Link to bioRxiv paper: http://biorxiv.org/cgi/content/short/2023.02.26.528265v1?rss=1
Authors: Li, Y., Lu, S., Nan, X., Zhang, S., Zhou, Q.
Abstract: Accurate prediction of protein binding residues (PBRs) from sequence is important for the understanding of cellular activity and helpful for the design of novel drug. However, experimental methods are time-consuming and expensive. In recent years, a lot of computational predictors based on machine learning and deep learning models are proposed to reduce such consumption. But those methods often use MSA tools such as PSI-BLAST or NetSurfP to generate some statistical features and enter them into predictive models as necessary supplementary input.
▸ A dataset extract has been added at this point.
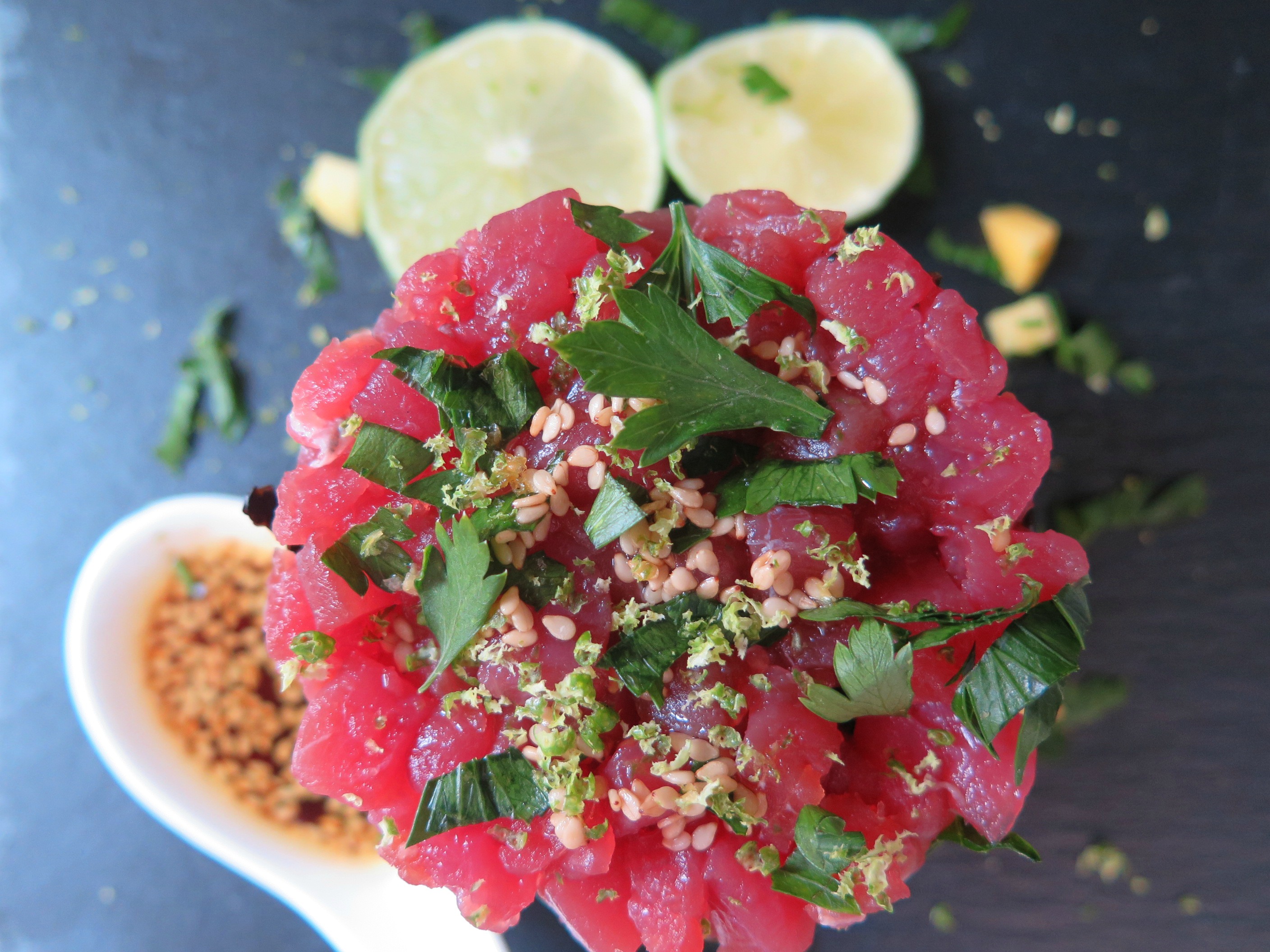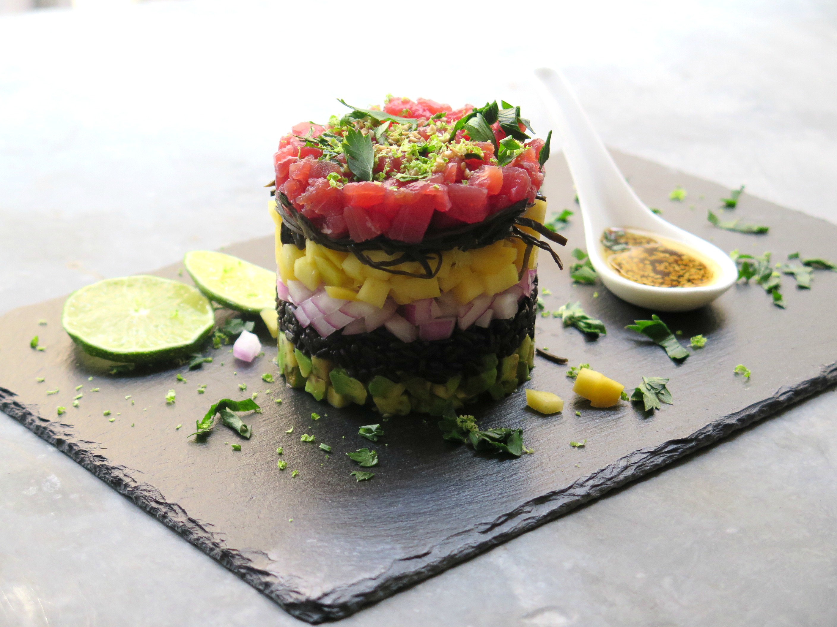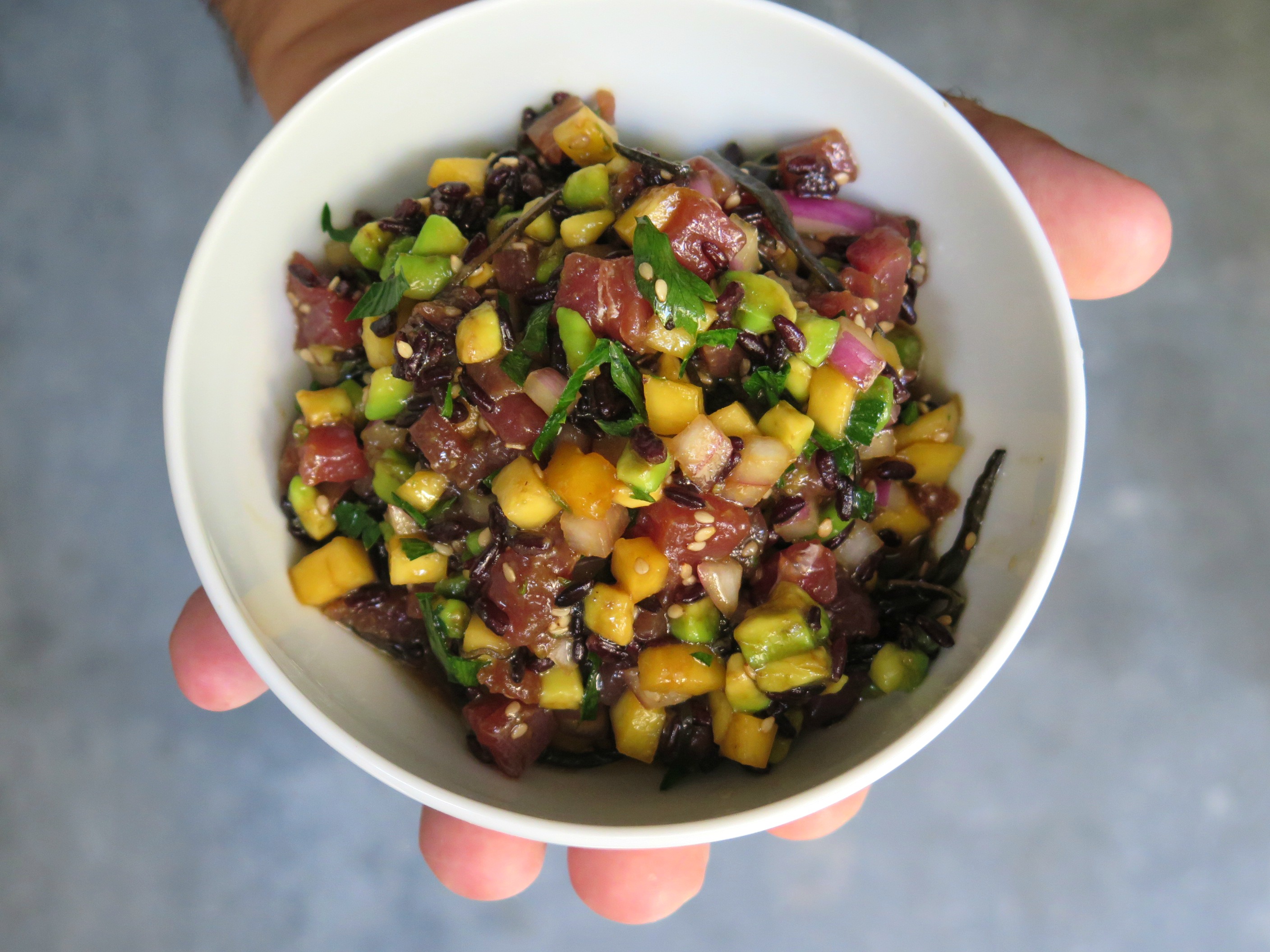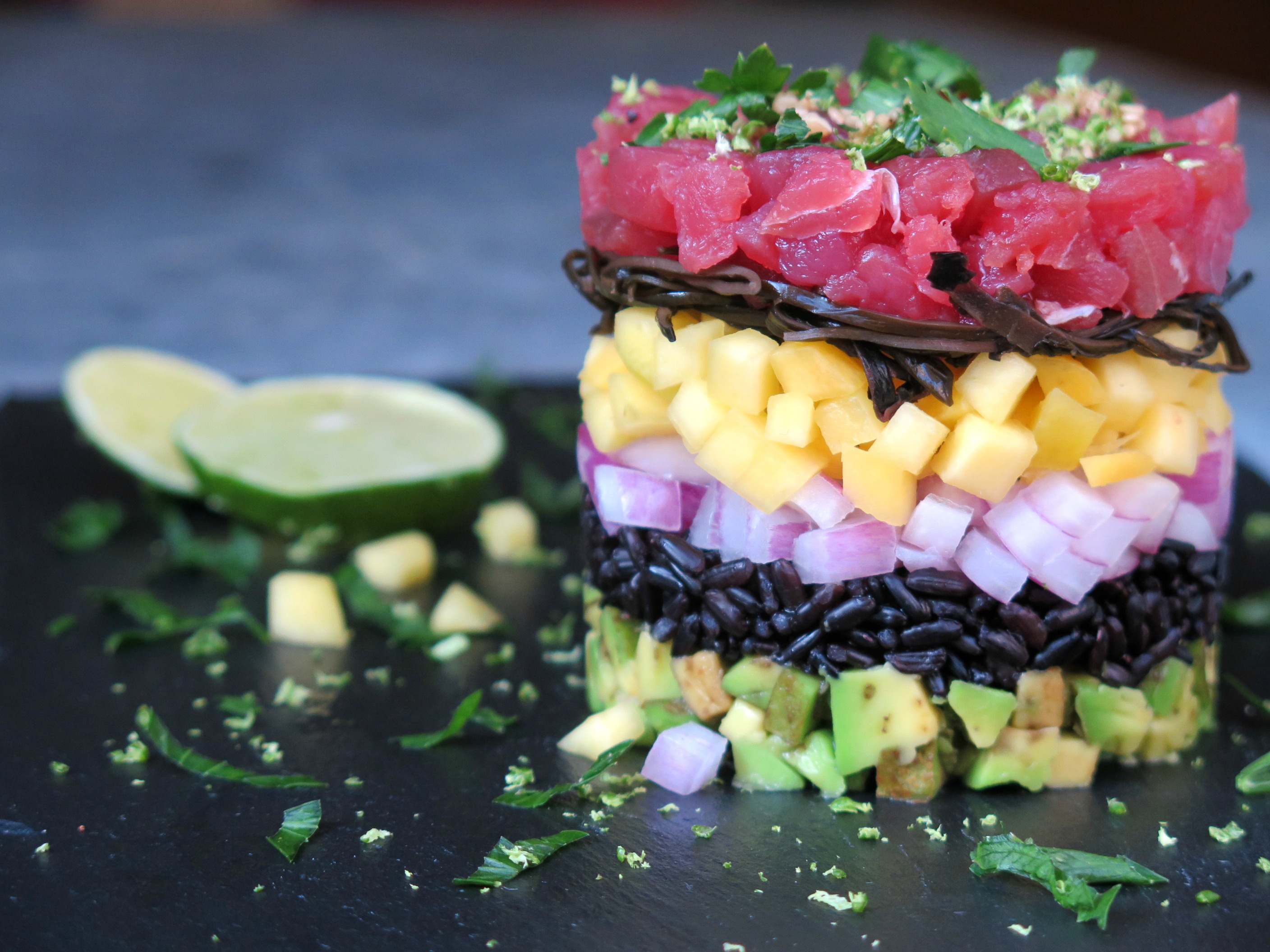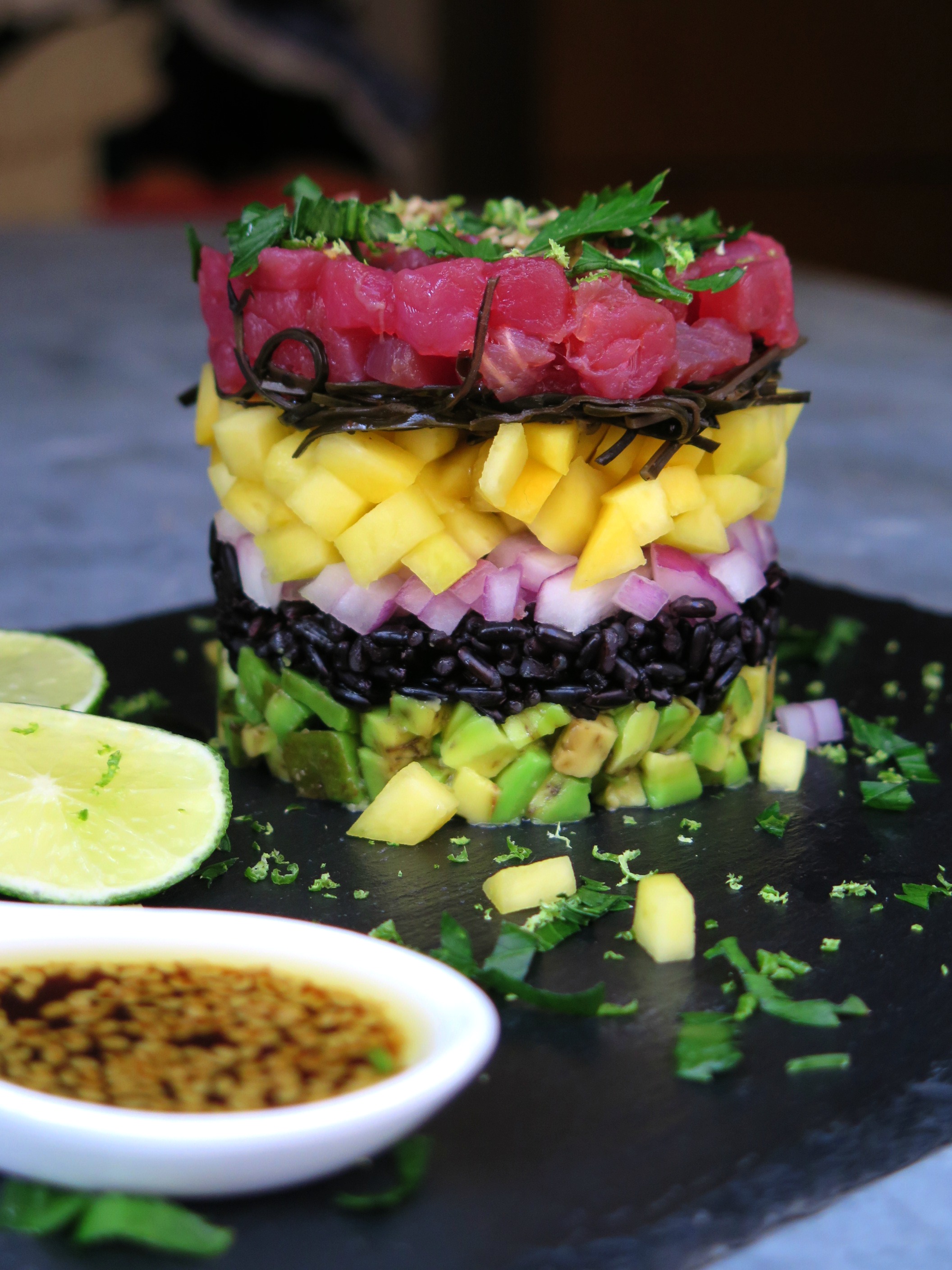 tartare di tonno con riso venere, frutta esotica e salsa al sesamo

The input generation process normally takes long time, and there is no standard to specify which and how many statistic results should be provided to a prediction model. In addition, prediction of PBRs relies on residue local context, but the most appropriate scale is undetermined. Most works pre-selected certain residue features as input and a scale size based on expertise for certain type of PBRs. In this study, we propose a general tool-free end-to-end framework that can be applied to all types of PBRs, Multiscale Protein Binding Residues Prediction using language model (MsPBRsP). We adopt a pre-trained language model ProtTrans to save the large consumption caused by MSA tools, and use protein sequence alone as input to our model. To ease scale size uncertainty, we construct multi-size windows in attention layer and multi-size kernels in convolutional layer. We test our framework on various benchmark datasets including PBRs from protein-protein, protein-nucleotide, protein-small ligand, heterodimer, homodimer and antibody-antigen interactions. Compared with existing state-of-the-art methods, MsPBRsP achieves superior performance with less running time and higher prediction rates on every PBRs prediction task. Specifically, we boost F1 score by 27.1% and AUPRC score by 7.6% on NSP448 dataset and decrease running time from over 10 minutes to under 0.1s on average. The source code and datasets are available at https://github.com/biolushuai/MsPBRsP-for-multiple-PBRsprediction.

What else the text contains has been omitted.